Maybe some day it will. Maybe the technology and the science is coming, and some day we'll know immediately if a player is concussed and how badly, before another snap is taken and further risk is incurred. Perhaps players will do their part as well in those tougher to discern borderline cases, speaking up during a game when they should, rather than trying to mask their symptoms or practice the gladiator mentality that does the education against concussions no good.

But for now, it still feels like a moving target, with the league finally trying to minimize the wiggle room in the diagnostic process, and adjust the game's rules and safety measures as we go. Heightened concussion awareness doesn't provide a panacea, but it beats the heck out of the ignorance or inattentiveness that once prevailed.
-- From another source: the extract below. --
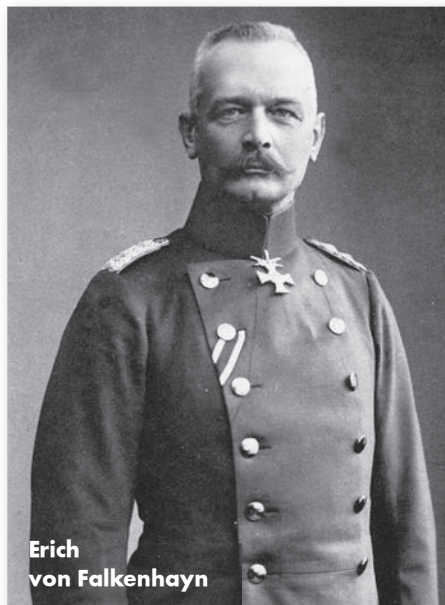
Erich von Falkenhayn

Mivel Románia belépése esetén a keleti hadműveletek összehangolása Oroszországra várt, az antant nevében ők tárgyaltak a bukaresti kormányzattal. A cári vezetés még 1914. október elsején elismerte Románia igényét Ausztria–Magyarország románok lakta területeire, ám Bukovina nagy részére maguk az oroszok is pályáztak, míg a Temesi bányságot – vagy legalább annak egy szeletét – Szerbiának kívánták juttat-

After all, the concussion debate will always be with us to some degree, because football is a collision sport, and collisions produce concussions. But we're chipping away at what was once considered collateral damage in the game, trying harder to discern between a big hit and a brain-damaging hit, and make changes to limit the long-term impact and frequency of concussions.

On that front, Sunday was another headline day in the NFL's belated efforts to come to grips with brain injuries. When starting quarterbacks get sidelined with concussions, everyone in the game takes notice, and that's actually a good thing in the long term. Because some post-mortems are in order and necessary, if only to keep learning and keep the process moving forward. Knowing exactly what to do for players and when to do it in every situation, when events are unfolding in real time, is a still-evolving practice. Experience and a longer track record with the game's new sensibilities will only help increase the effectiveness of concussion recognition and hopefully prevention.

But it's a fight that takes time. Zero tolerance in terms of concussion diagnosis remains a goal, not a reality. To keep moving in the right direction, as quickly as possible, is the only option the NFL can entertain.